Election Expert Hacks into Dominion Voting Machine in Front of Georgia Judge USING ONLY A PEN To Change Vote Totals
By Jamie White
Posted on January 22, 2024
An election integrity group is seeking to remove Dominion Voting machines in Georgia in favor of paper ballots ahead of the 2024 election in an ongoing lawsuit against election officials.
In a trial that began Tuesday, the plaintiffs asked U.S. District Judge Amy Totenberg to order the state to stop using the Dominion Voting Systems touchscreen machines used by nearly every in-person voter statewide.
In the latest development on Friday in a federal court in Atlanta, University of Michigan Professor of Computer Science and Engineering J. Alex Halderman was able to HACK a Dominion Voting machine to change the tabulation using only a pen.
And he managed to do it in front of Judge Totenberg in the courtroom.
Halderman and Security Researcher and Assistant Professor at Auburn University Drew Sringall collaborated on a report in July 2021 where they discovered exploitable vulnerabilities in the Dominion Voting Systems’ ImageCast X system.
In June 2023, the Federal District Court for the Northern District of Georgia unsealed the 96-page Halderman Report – the Security Analysis of Georgia’s ImageCast X Ballot Marking Devices.
The report confirmed that votes can be altered in the Dominion voting machines because Dominion’s software is vulnerable and can be hacked.
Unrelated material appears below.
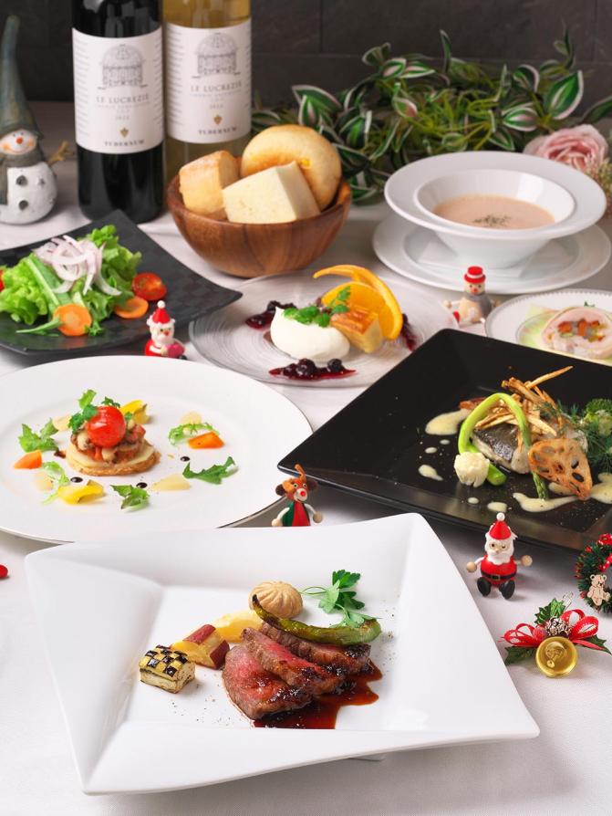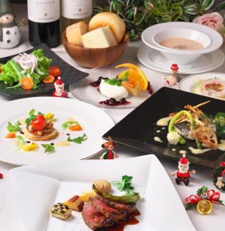 小さなアミューズ/スモークサーモンとシャンピニオンのタルト/オマール海老のビスク/真鯛のコンフィ/国産黒毛和牛フィレ肉グリルステーキorリブロース肉グリルステーキ/焼きたて自家製パン/X’masデザート/ドリンク

Obama-appointed Judge Totenberg sealed and covered up the results of the investigation of Dominion voting machines in Georgia and sat on the report until last week.
Professor Halderman wrote about the report’s findings following its release, warning the Dominion vulnerabilities risk being exploited in upcoming Georgia elections:
Back in September 2020, the Court granted the Curling Plaintiffs access to one of Georgia’s touchscreen ballot marking devices (BMDs) so that they could assess its security. Drew and I extensively tested the machine, and we discovered vulnerabilities in nearly every part of the system that is exposed to potential attackers. The most critical problem we found is an arbitrary-code-execution vulnerability that can be exploited to spread malware from a county’s central election management system (EMS) to every BMD in the jurisdiction. This makes it possible to attack the BMDs at scale, over a wide area, without needing physical access to any of them.
Our report explains how attackers could exploit the flaws we found to change votes or potentially even affect election outcomes in Georgia, including how they could defeat the technical and procedural protections the state has in place. While we are not aware of any evidence that the vulnerabilities have been exploited to change votes in past elections, without more precautions and mitigations, there is a serious risk that they will be exploited in the future.
Halderman also warned that Georgia Secretary of State Brad Raffensperger, who he claimed had been aware of the findings for two years, announced that the state would not install Dominion’s security patches until AFTER the 2024 presidential election.
Dominion, which is not a party to this case, said in a statement that there are “many layers of robust operational and procedural safeguards in place, overseen by local election officials, that help protect our elections and serve to ensure that any physical tampering is prohibited.”
Meanwhile, Judge Totenberg, who has “previously expressed concerns about the state’s election system and its implementation,” according to the AP, wrote in an order in October that she can’t order the state to switch to a system that uses hand-marked paper ballots.
Instead, she said she could order “pragmatic, sound remedial policy measures,” including eliminating the QR codes on ballots, stronger cybersecurity measures and more robust audits.